I’m an older GenZ born in the late 90s and I’ve had to show a few younger peers how to torrent recently.
The idea of you needing a “special” program just for downloading a file seems to throw some of them off.
I do know a few young people are tech/programming wizards but “generally tech savy” people seem to be declining. It’s either you’re really into it or barely know anything outside popular apps.
One other thing I’ve noticed, People just seem to be more paranoid about downloading stuff not already installed on their devices. Which its good people give at least a bit of a shit about security but convincing people Firefox isn’t a virus gets a bit annoying (Yes I’ve had that conversation).
I see this as a natural byproduct of Google, Apple, et al. “Walled Garden”
They want you to consume only from them and only what they approve of. Granted Apple is far more on the latter side than Google but even Google fought tooth and nail to keep Epic from having their own store.
I don’t interact much with people who are younger than me but I feel like the age of tinkering might not be as strong with them as it was for me. PCs were the predominant form factor and you could literally take it apart and put it back together with just a screwdriver. You can’t do that with laptops or phones at least not without a lot of other specialized tools. This isn’t their fault either since device manufacturers have really tried to make it difficult to do anything that they don’t control.
Hell chrome is the best example of this. Google, whose business is selling your personal data for ads, is preventing the use of ad blockers. Firefox is mostly developed by Mozilla with a small handful of volunteers. It’s already showing signs of enshittification. We don’t have a viable third option.
It will only be a matter of time before these tech companies start having brain drains due to their own greed.
Not just that, I remember when app stores were new and people clamoured to be on them AND those app makers would often move to ONLY being on the app store, with anything downloaded off-store being a scam
So a lot of people grew up to use these devices at a time where downloading something off the web was more likely than not to be malware, giving them the ick on the idea as a whole
Fuck, I’m from the time a bit before all of that and even I have a goddamn hard time downloading shit that’s available off-store on someone’s website out of pure paranoia from those days
i remember not using firefox for a rlly long time bc i heard it’s ram usage with multiple tabs open was a lot less efficient than other browsers. idk if that’s true but i use firefox w 4 windows with 20+ tabs each and have never had a problem
this may still be true, we just tend to have more RAM nowadays
ah makes sense. i also have a pretty big swap file so i think that helps a bit when im doing other ram intensive stuff
It’s not true currently. Firefox and Chrome trade blows on which is more performance and which uses more/less RAM these days.
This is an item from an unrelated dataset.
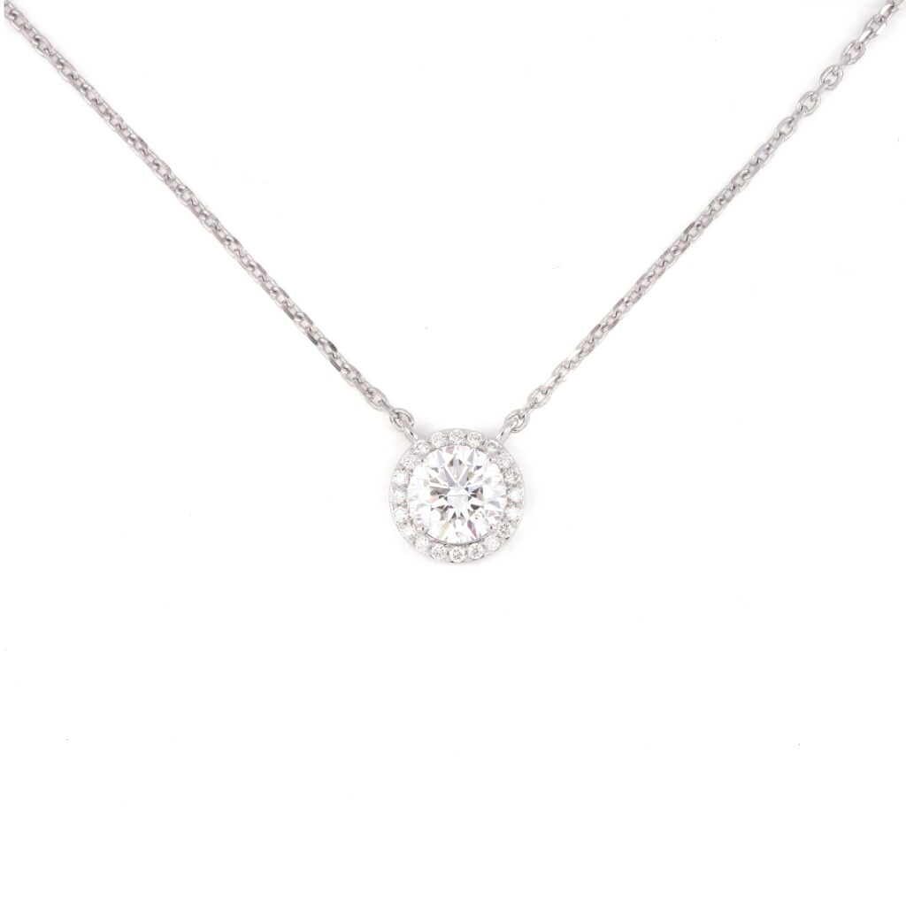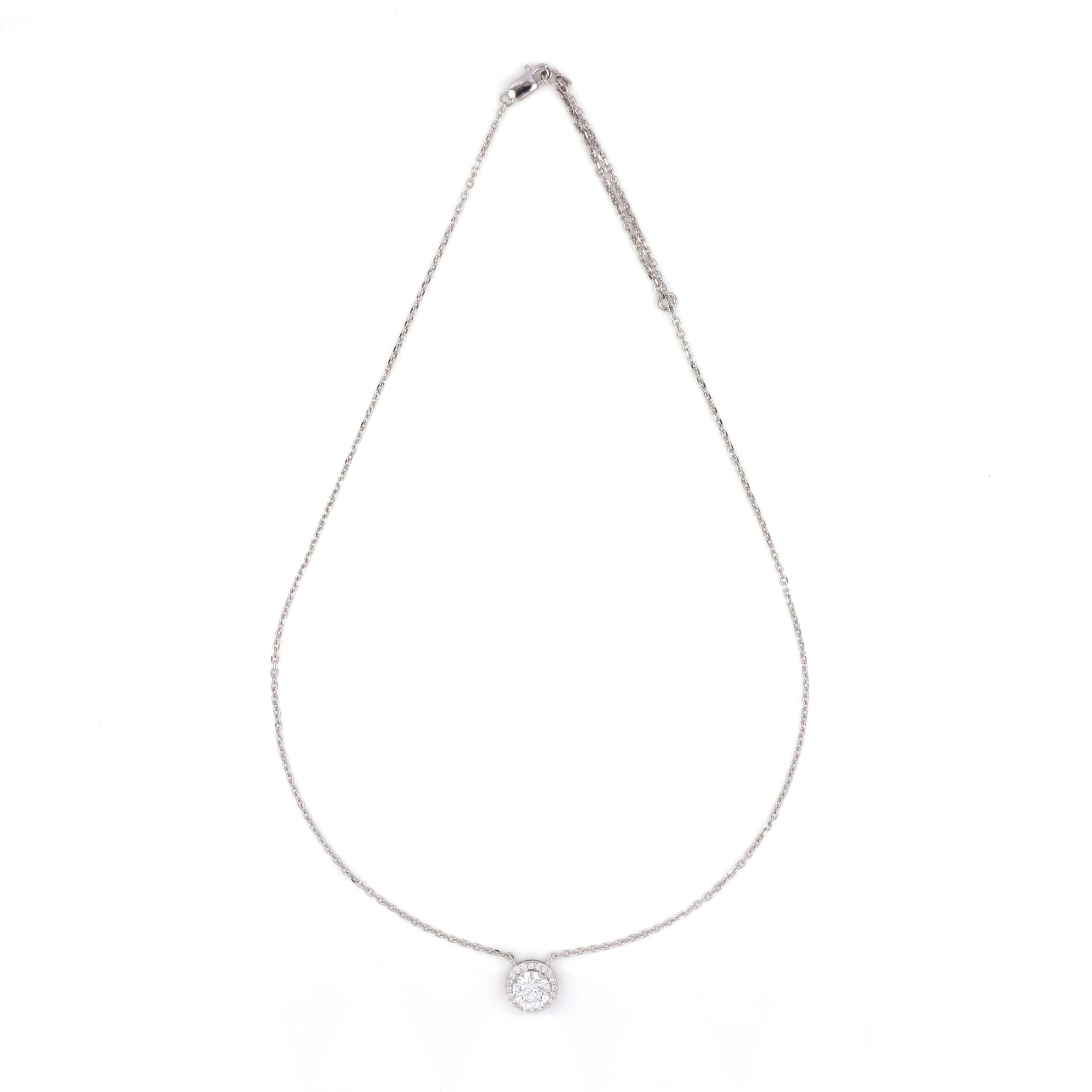 Sleek circular diamond necklace.

It varies, but they’re quite close.
Why can’t browsers treat torrents as just another protocol for downloads, so that if you haven’t got a default set for torrent out magnet mimetypes, it just downloads it in the included download manager?
Because then your browser would itself have to be a torrent client.
The way torrents download is fundamentally different from how a standard http download works, which is why they have a specialist implementation. Browsers dont want to bother bringing a whole load of new code and associated bugs into the browser to do a job which isn’t really connected with the browser’s main responsibility, which is browsing the web.
Just because torrents come from the web shouldn’t make it the browser’s responsibility to deal with them.
This would be terrible, because any website could potentially make you a seeder for „illegal“ content while normally browsing the web without a VPN. Meaning, your real IP address may accidentally be recorded by some lawerers and you’ll get a fine for whatever you accidentally shared (very dangerous, depending on country).
There are already solutions for webtorrents, but at least these scripts can be blocked.